**Aim of the exercise**
Without the pictures, set down exactly the lines from the one that contains "На рисунке точкой" to the end of the entries, both included, and nothing besides.

**Listed entries**
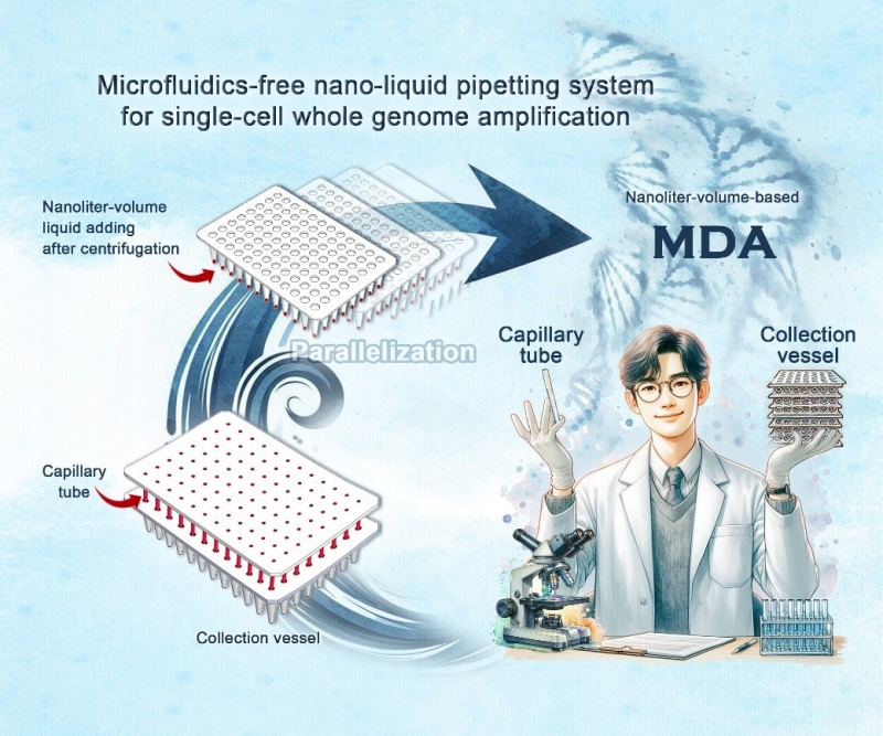 Simplified nanoliter liquid manipulation for high-throughput single-cell whole-genome amplification (Image by LIU Yang)
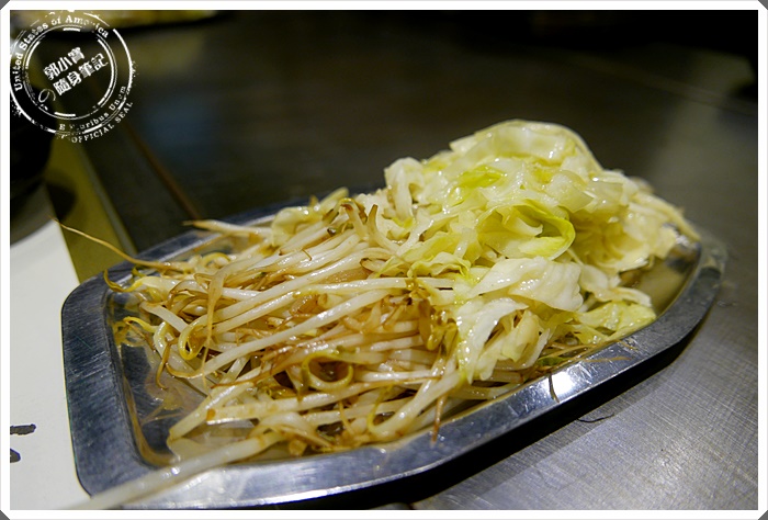 | 一樣會給上兩種蔬菜,高麗菜以及豆芽菜是台灣鐵板燒之中最常看到的時蔬,分量也滿剛好的並不會太少,也可以依照自己的喜好請師傅加辣或是黑胡椒 |
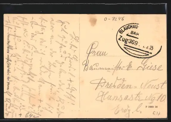 alte Ansichtskarte, gelaufen 1925, Briefmarke entfernt, guter Zustand
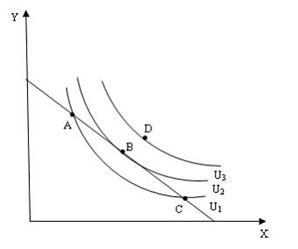 На рисунке точкой оптимального поведения потребителя (положения равновесия) является точка А, В, С или D? Обоснуйте ответ.
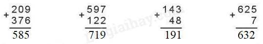 Tính. Đặt tính rồi tính: 285 + 507 164 + 53 216 + 8 318 + 142 248 + 25 159 + 6 Chọn kết quả đúng với mỗi phép tính:

**Problem solution**
 На рисунке точкой оптимального поведения потребителя (положения равновесия) является точка А, В, С или D? Обоснуйте ответ.
 Tính. Đặt tính rồi tính: 285 + 507 164 + 53 216 + 8 318 + 142 248 + 25 159 + 6 Chọn kết quả đúng với mỗi phép tính:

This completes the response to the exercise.